La première obédience maçonnique de France, le Grand Orient, est réunie en convent annuel à Marseille avec 1300 délégués pour réfléchir aux enjeux de la République, à la question de la laïcité, la bioéthique, le développement durable, la diffusion de la franc-maçonnerie à l’international. Dans la soirée du 25 août, les 35 membres du Conseil de l’ordre ont aussi élu un nouveau grand maître, Christophe Habas. Daniel Keller a quitté cette charge après trois années de responsabilité. Il tire un bilan et commente l’actualité de la laïcité. Avec 52 000 adhérents, le Grand Orient représente 30 % de la franc-maçonnerie française.
LE FIGARO. – L’avis du Conseil d’État sur l’arrêté antiburkini de Villeneuve-Loubet est très attendu. Quelle est la position du Grand Orient?
Daniel KELLER. – J’espère que le Conseil d’État saura clore une polémique qui n’aurait pas dû avoir lieu. Il est indispensable que le dernier mot revienne à l’État de droit afin que chacun se conforme aux règles de la République.
En début de semaine prochaine, le ministère de l’Intérieur va annoncer des mesures concernant le financement de l’islam en France. Dont celui des mosquées: l’État doit-il intervenir?

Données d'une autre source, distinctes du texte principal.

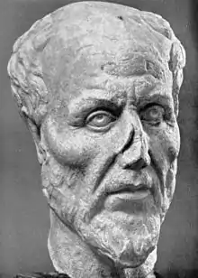 Parmenides (fl. late sixth or early fifth century BC), in his poem On Nature, gives an account of a revelation on two ways of inquiry. "The way of conviction" explores Being, true reality ("what-is"), which is "What is ungenerated and deathless,/whole and uniform, and still and perfect."[12] "The way of opinion" is the world of appearances, in which one's sensory faculties lead to conceptions which are false and deceitful. His distinction between unchanging Truth and shifting opinion is reflected in Plato's allegory of the Cave. Together with the Biblical story of Moses's ascent of Mount Sinai, it is used by Gregory of Nyssa and Pseudo-Dionysius the Areopagite to give a Christian account of the ascent of the soul toward God.[13] Cook notes that Parmenides poem is a religious account of a mystical journey, akin to the mystery cults,[14] giving a philosophical form to a religious outlook.[15] Cook further notes that the philosopher's task is to "attempt through 'negative' thinking to tear themselves loose from all that frustrates their pursuit of wisdom."[15]

La loi de 1905 est claire. Ce n’est pas à la puissance publique de financer la construction d’édifices religieux.
Une ligne de fracture divise la gauche elle-même sur l’esprit de la laïcité. Les uns la voudraient sans concession, les autres plus conciliante avec les religions. Dans quelle vision le Grand Orient se reconnaît-il?
La laïcité s’est imposée au long d’un parcours difficile. Les accommodements dont elle a fait l’objet sont déjà anciens. La laïcité est aujourd’hui encore plus nécessaire qu’hier, elle est le pilier de la République.

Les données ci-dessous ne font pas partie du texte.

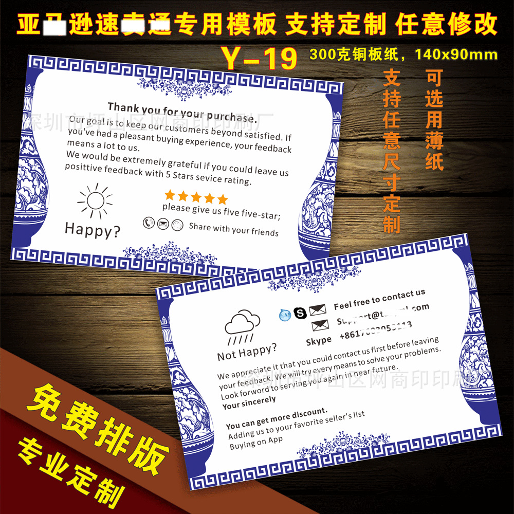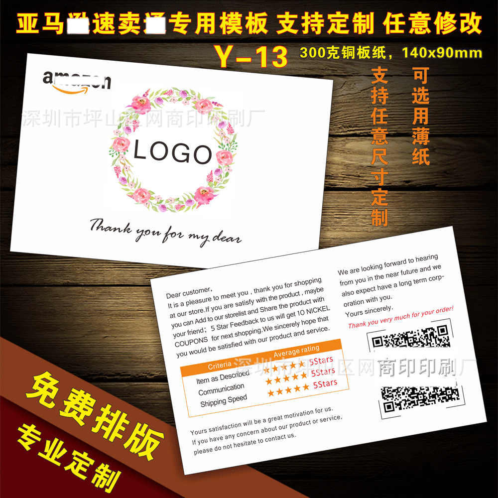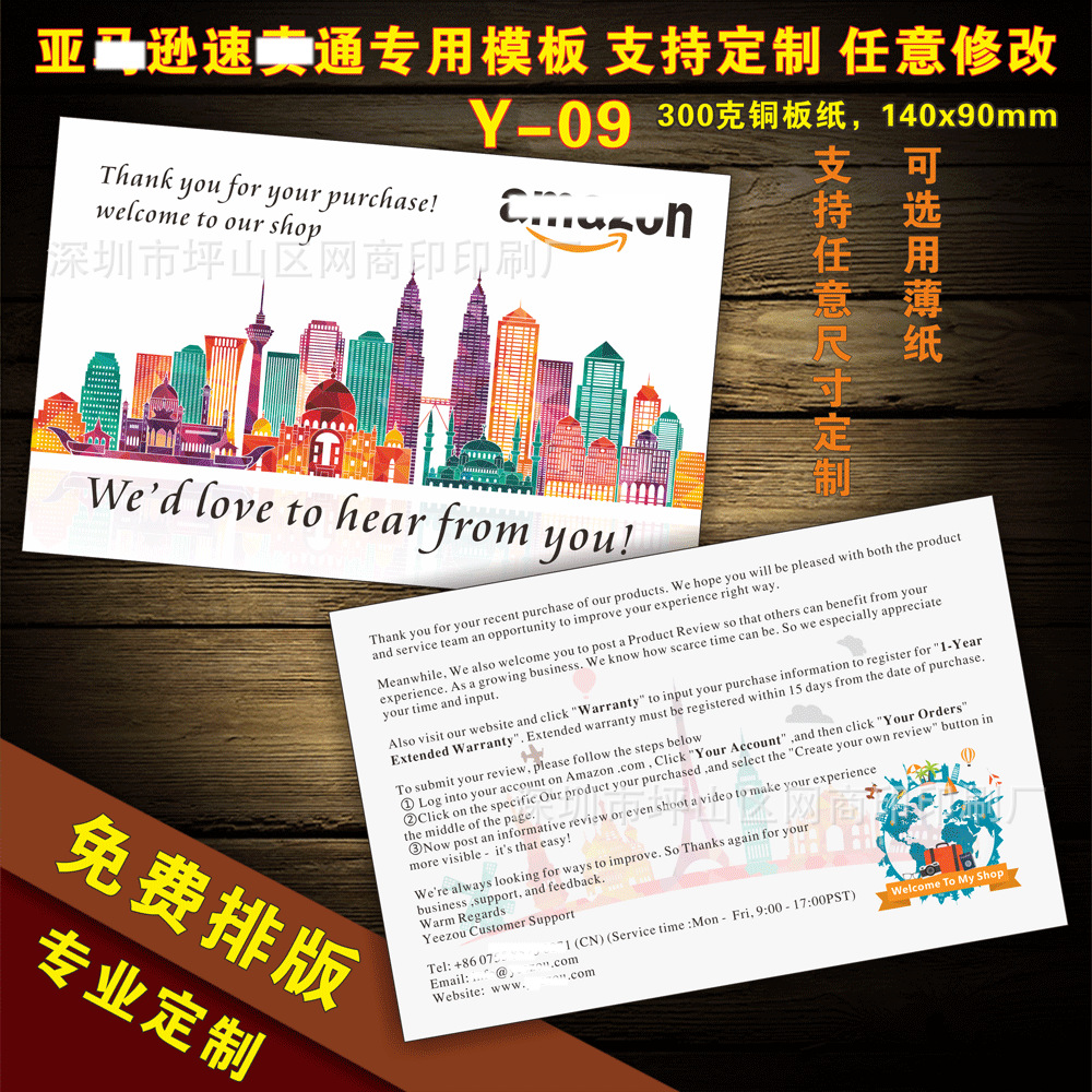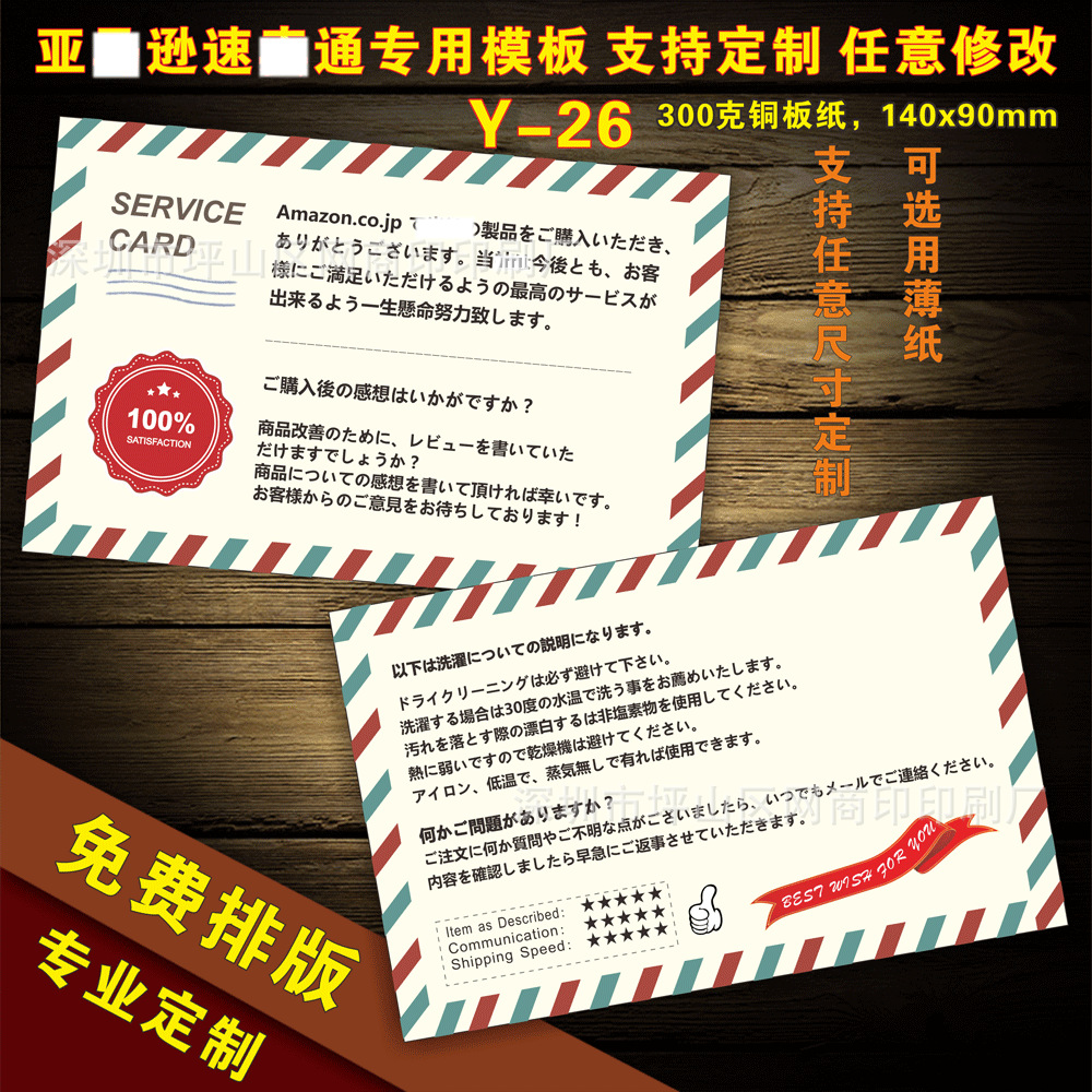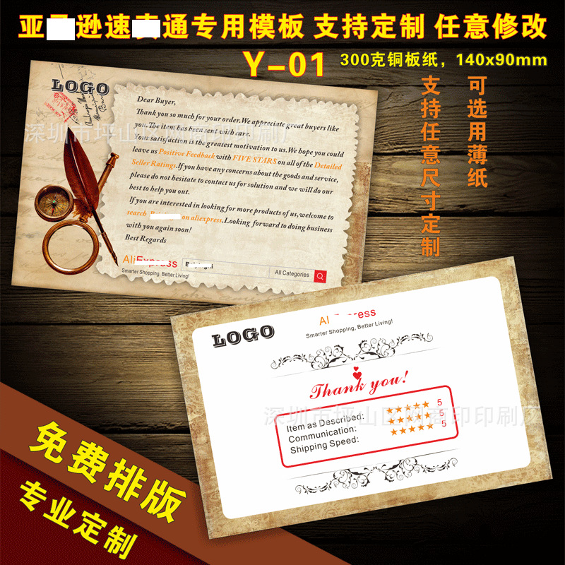 English after-sales service card praise card English thank you card manufacturers custom printing

« La religion doit avant tout être affaire de conviction intime »
Daniel Keller
Les sondages démontrent que la montée du rejet de l’islam se confirme chez les électeurs de droite mais s’est installée – et c’est nouveau – à gauche. Constatez-vous cette tendance au sein du Grand Orient?
La République s’est construite dans le dépassement des assignations théologiques quelles qu’elles soient. C’est le message laissé par la Révolution française: l’avènement d’un monde dans lequel les hommes décident seuls de la loi qu’ils veulent se donner sans tourner les yeux vers le ciel! C’est pour cela que la religion doit avant tout être affaire de conviction intime.

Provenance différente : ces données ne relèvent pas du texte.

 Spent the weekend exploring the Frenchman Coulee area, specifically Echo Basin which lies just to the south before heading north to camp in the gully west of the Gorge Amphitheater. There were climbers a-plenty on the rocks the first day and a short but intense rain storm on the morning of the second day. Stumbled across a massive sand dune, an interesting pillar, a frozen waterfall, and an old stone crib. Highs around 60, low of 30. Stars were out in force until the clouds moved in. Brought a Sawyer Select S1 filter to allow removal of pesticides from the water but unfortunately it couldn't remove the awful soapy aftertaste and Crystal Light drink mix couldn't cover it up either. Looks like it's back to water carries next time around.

L’été 2016 a été marqué par le massacre de Nice et l’assassinat du père Jacques Hamel qui célébrait la messe. Ce dernier acte a profondément ému la France: l’ampleur de cette émotion pour ce vieux prêtre vous a-t-elle étonné? Fallait-il que le président de la République aille à Rome pour rencontrer le Pape à ce propos?
L’assassinat d’un prêtre est révoltant comme l’assassinat de tout être humain. Cela étant, les propos qui ont consisté à dénoncer la loi républicaine comme légalisation des déviances, ou assomption d’un funeste pluralisme des valeurs, sont préoccupants. Je ne suis pas sûr, à titre personnel, que le président de la République devait pour autant rendre visite au Pape.
Ces faits provoquent un durcissement de l’opinion et du débat en vue des élections présidentielles. Comment voyez-vous l’évolution de la France travaillée par la question de son identité et, pour certains, au bord d’une crise civile?
L’enjeu majeur de la prochaine élection sera le rassemblement des citoyens sur le projet républicain dont la France a besoin: un projet qui renoue avec l’ambition intégratrice de la République. Un projet qui ne se limite pas à un arsenal de mesures sécuritaires, si nécessaires soient-elles. Il est urgent de redonner confiance dans la France à la jeunesse.
Vous quittez votre charge de grand maître du Grand Orient de France, quel bilan tirez-vous?
Après trois ans de grande maîtrise, je suis préoccupé par le fait que la franc-maçonnerie doive aller toujours plus à contre-courant. Avons-nous été suffisamment pugnaces? Je me réjouis de la visibilité que le Grand Orient de France a retrouvée. Mais elle doit servir à donner aux réflexions des francs-maçons la portée qu’elles méritent. Enfin, la cohésion retrouvée de l’obédience est essentielle à son rayonnement futur.